===== SOURCE INFORMATION

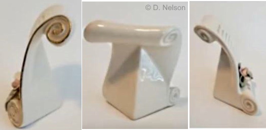 Here is the #242 version of the Prayer Book attached to a vase instead of to the typical rear support. It’s not known if this was a retail production item or just one of the Cybis artists experimenting with it, but logic dictates that it be herewith dubbed the Prayer Book/Vase. Because of the vase/stand component it is deeper (5″ front to back) than the standard Prayer Book; the top of the vase is 1″ x 3.5″.
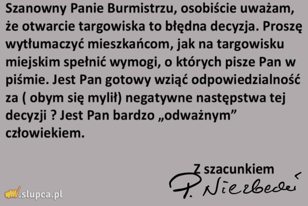 SZANOWNY PANIE NIEZBECKI… Główny Inspektor Sanitarny wydał zalecenia, po spełnieniu których handel obwoźny może mieć miejsce. Wydając takie zalecenia GIS niewątpliwie pozbył się problemu i przerzucił problem na samorządy. Władza na szczeblu rządowym wręcz nawołuje, żeby handlować. Najprostsze co można było zrobić, to na szczeblu rządowym wydać zakaz. No ale władza rodem z PiS nie chcąc być niepopularną przerzuciła problem na innych. W końcu wybory się zbliżają. Podzielił się pan swoim oburzeniem i obawami z osobami odpowiedzialnymi za akcję „Lot do domu”, czyli z premierem Morawieckim? Zapytał pan premiera czy bierze odpowiedzialność za skutki tej akcji? Za brak, dla powracających, kwarantanny innej niż ta w warunkach domowych, którą jakżeż łatwo niektórzy łamią. Czyżby nie słyszał pan o słupczaninie z ul. 11-go listopada w Słupcy? Gości przyjmuje, na dwór wychodzi, a jest objęty kwarantanną. Akcją „Lot do domu” zafundowano nam niebywałe zagrożenie rozprzestrzenienia się koronawirusa tylko po to, żeby ściągnąć ludzi na wybory, a pan czepia się, że będziemy mieli handel na targowisku? Handel, który niejednemu ma zapewnić środki na utrzymanie. No ale co pan może o tym wiedzieć… Syty głodnego nie zrozumie. Mógłby pan wczuć się w sytuację ludzi, którzy żyją od 1-go do 1-go? Jest pan oburzony decyzją Burmistrza o przywróceniu handlu na miejskim targowisku, a czy wykazał pan takie samo oburzenie, kiedy pana koleżeństwo po fachu, już w czasie epidemii, udało się do Włoch i jak wieść po Słupcy niesie, jakby nigdy nic wykazali po powrocie, gotowość do pracy w słupeckim szpitalu? Swoją drogą to ciekawe czy do tej pracy zostali dopuszczeni? A może wystosował pan apel do starosty słupeckiego, kiedy ten ustawił się do zdjęcia na terenie szpitalnym z pączusiami w towarzystwie innych osób? Wcześniej, bodajże 11-go marca br. było jeszcze spotkanie zorganizowane w budynku starostwa, w którym to spotkaniu uczestniczyło co najmniej 60 osób ściśniętych obok siebie niczym śledzie w beczce. Myślę, że nie wystosował pan apelu do władzy powiatowej, bo w końcu to powiatowy koalicjant. Handel na targowisku nie zaszkodzi nam bardziej niż handel w sklepach, gdzie ludzie nie zachowują bezpiecznej odległości, a poproszeni o jej zachowanie patrzą na człowieka jak na ufoludka. Ten handel na targowisku nie zaszkodzi nam bardziej niż zakupy w sklepie z brudnymi koszykami i kasjerkami z niedezynfekowanych rękawicach. Nasz rząd, dopuszczając do sprowadzenia do Polski koronawirusa poprzez niezamknięcie w lutym br. granic kraju ( było już wtedy wiadomo, że koronawirus w Polsce to kwestia dni ) oraz poprzez akcję „Lot do domu”, naraził nas na takie zagrożenie, że decyzja o przywróceniu handlu na słupeckim targowisku jest bez znaczenia, jeśli osoby, które na to targowisko przyjdą dostosują się do zasad bezpieczeństwa. Handel na targowisku nie będzie bardziej niebezpieczny niż handel w sklepie, w którym nie przestrzega się zasad bezpieczeństwa na okoliczność koronawirusa. Koronawirus prędzej czy później w Słupcy się pojawi. Nie dlatego, że Burmistrz przywrócił handel na targowisku, ale dlatego, że kiedy należało myśleć o zamknięciu granic, to nasz rząd miał inne priorytety niż nasze bezpieczeństwo i zajmował się przyznaniem 10 mld na TVP na najbliższe 5 lat. Handel na targowisku nie będzie bardziej niebezpieczny niż doktorek – narciarz przechadzający się bez maski po Lidlu czy innym słupeckim sklepie.
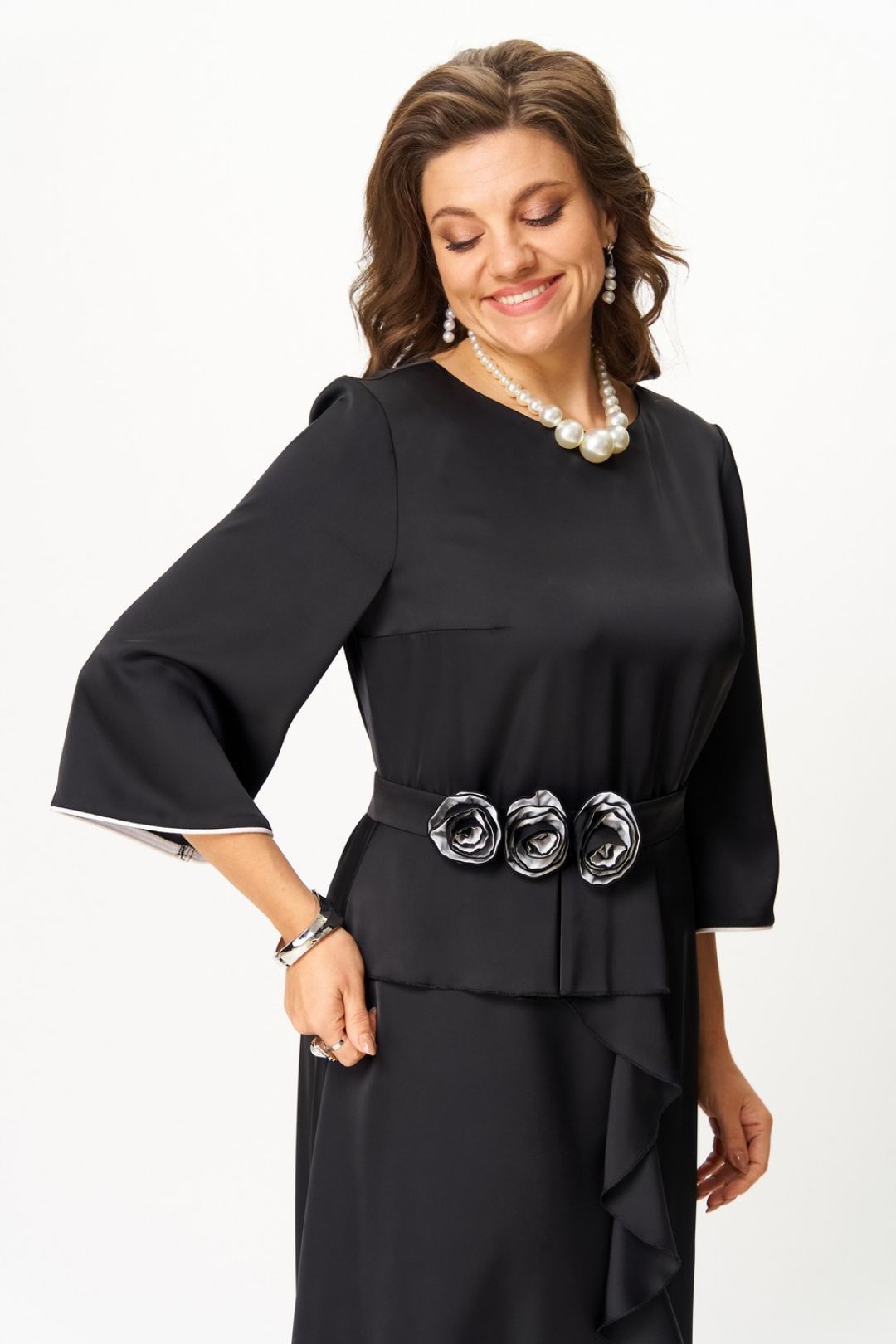 Рукав длиной 7/8 расширен к низу с отделкой кантом. По линии талии съемный пояс с украшением ручной работы в виде роз. Такое платье отлично подойдет как для вечернего выхода, так и для более формальных событий.
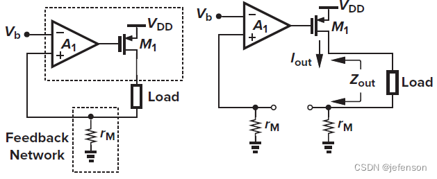 电流上升→M1栅极电流下降。按照右图重构电路计算修正的开环增益,修正的开环电路输出阻抗是
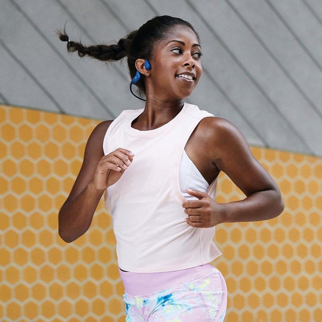 Redefine your possible with Shokz OpenRun bone conduction headphones! Formerly called Aeropex, these open ear headphones are designed for endurance athletes. Unlike traditional in-ear headphones, OpenRun features the signature Shokz open-ear design to keep you tuned in to your music and your outside moments. The enhanced audio on these wireless sport headphones features ensure clear sound, powerful volume, and a rich bass while you’re listening. OpenRun Bluetooth headphones are both lightweight and durable for comfortable all-day use. And they can also withstand the elements. Their IP67 waterproof rating makes OpenRun ideal for sweaty and rainy workouts, although they are not designed for underwater swimming. Embrace a new challenge with these Blue sport headphones powered by Shokz.
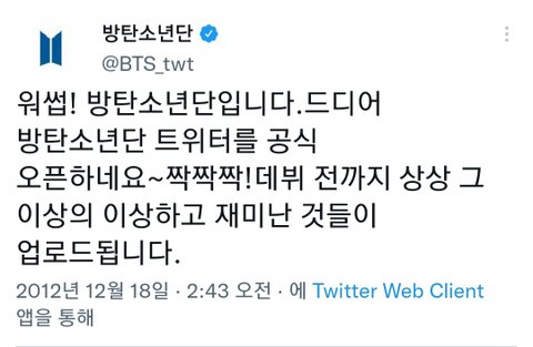 방탄소년단이 트위터를 공식오픈한지 10년째 되는 날임

==========

- PROBLEM DESCRIPTION
All of the entries need to be retyped word for word, pictures excluded.

- FINISHED EXERCISE
 Here is the #242 version of the Prayer Book attached to a vase instead of to the typical rear support. It’s not known if this was a retail production item or just one of the Cybis artists experimenting with it, but logic dictates that it be herewith dubbed the Prayer Book/Vase. Because of the vase/stand component it is deeper (5″ front to back) than the standard Prayer Book; the top of the vase is 1″ x 3.5″.
 SZANOWNY PANIE NIEZBECKI… Główny Inspektor Sanitarny wydał zalecenia, po spełnieniu których handel obwoźny może mieć miejsce. Wydając takie zalecenia GIS niewątpliwie pozbył się problemu i przerzucił problem na samorządy. Władza na szczeblu rządowym wręcz nawołuje, żeby handlować. Najprostsze co można było zrobić, to na szczeblu rządowym wydać zakaz. No ale władza rodem z PiS nie chcąc być niepopularną przerzuciła problem na innych. W końcu wybory się zbliżają. Podzielił się pan swoim oburzeniem i obawami z osobami odpowiedzialnymi za akcję „Lot do domu”, czyli z premierem Morawieckim? Zapytał pan premiera czy bierze odpowiedzialność za skutki tej akcji? Za brak, dla powracających, kwarantanny innej niż ta w warunkach domowych, którą jakżeż łatwo niektórzy łamią. Czyżby nie słyszał pan o słupczaninie z ul. 11-go listopada w Słupcy? Gości przyjmuje, na dwór wychodzi, a jest objęty kwarantanną. Akcją „Lot do domu” zafundowano nam niebywałe zagrożenie rozprzestrzenienia się koronawirusa tylko po to, żeby ściągnąć ludzi na wybory, a pan czepia się, że będziemy mieli handel na targowisku? Handel, który niejednemu ma zapewnić środki na utrzymanie. No ale co pan może o tym wiedzieć… Syty głodnego nie zrozumie. Mógłby pan wczuć się w sytuację ludzi, którzy żyją od 1-go do 1-go? Jest pan oburzony decyzją Burmistrza o przywróceniu handlu na miejskim targowisku, a czy wykazał pan takie samo oburzenie, kiedy pana koleżeństwo po fachu, już w czasie epidemii, udało się do Włoch i jak wieść po Słupcy niesie, jakby nigdy nic wykazali po powrocie, gotowość do pracy w słupeckim szpitalu? Swoją drogą to ciekawe czy do tej pracy zostali dopuszczeni? A może wystosował pan apel do starosty słupeckiego, kiedy ten ustawił się do zdjęcia na terenie szpitalnym z pączusiami w towarzystwie innych osób? Wcześniej, bodajże 11-go marca br. było jeszcze spotkanie zorganizowane w budynku starostwa, w którym to spotkaniu uczestniczyło co najmniej 60 osób ściśniętych obok siebie niczym śledzie w beczce. Myślę, że nie wystosował pan apelu do władzy powiatowej, bo w końcu to powiatowy koalicjant. Handel na targowisku nie zaszkodzi nam bardziej niż handel w sklepach, gdzie ludzie nie zachowują bezpiecznej odległości, a poproszeni o jej zachowanie patrzą na człowieka jak na ufoludka. Ten handel na targowisku nie zaszkodzi nam bardziej niż zakupy w sklepie z brudnymi koszykami i kasjerkami z niedezynfekowanych rękawicach. Nasz rząd, dopuszczając do sprowadzenia do Polski koronawirusa poprzez niezamknięcie w lutym br. granic kraju ( było już wtedy wiadomo, że koronawirus w Polsce to kwestia dni ) oraz poprzez akcję „Lot do domu”, naraził nas na takie zagrożenie, że decyzja o przywróceniu handlu na słupeckim targowisku jest bez znaczenia, jeśli osoby, które na to targowisko przyjdą dostosują się do zasad bezpieczeństwa. Handel na targowisku nie będzie bardziej niebezpieczny niż handel w sklepie, w którym nie przestrzega się zasad bezpieczeństwa na okoliczność koronawirusa. Koronawirus prędzej czy później w Słupcy się pojawi. Nie dlatego, że Burmistrz przywrócił handel na targowisku, ale dlatego, że kiedy należało myśleć o zamknięciu granic, to nasz rząd miał inne priorytety niż nasze bezpieczeństwo i zajmował się przyznaniem 10 mld na TVP na najbliższe 5 lat. Handel na targowisku nie będzie bardziej niebezpieczny niż doktorek – narciarz przechadzający się bez maski po Lidlu czy innym słupeckim sklepie.
 Рукав длиной 7/8 расширен к низу с отделкой кантом. По линии талии съемный пояс с украшением ручной работы в виде роз. Такое платье отлично подойдет как для вечернего выхода, так и для более формальных событий.
 电流上升→M1栅极电流下降。按照右图重构电路计算修正的开环增益,修正的开环电路输出阻抗是
 Redefine your possible with Shokz OpenRun bone conduction headphones! Formerly called Aeropex, these open ear headphones are designed for endurance athletes. Unlike traditional in-ear headphones, OpenRun features the signature Shokz open-ear design to keep you tuned in to your music and your outside moments. The enhanced audio on these wireless sport headphones features ensure clear sound, powerful volume, and a rich bass while you’re listening. OpenRun Bluetooth headphones are both lightweight and durable for comfortable all-day use. And they can also withstand the elements. Their IP67 waterproof rating makes OpenRun ideal for sweaty and rainy workouts, although they are not designed for underwater swimming. Embrace a new challenge with these Blue sport headphones powered by Shokz.
 방탄소년단이 트위터를 공식오픈한지 10년째 되는 날임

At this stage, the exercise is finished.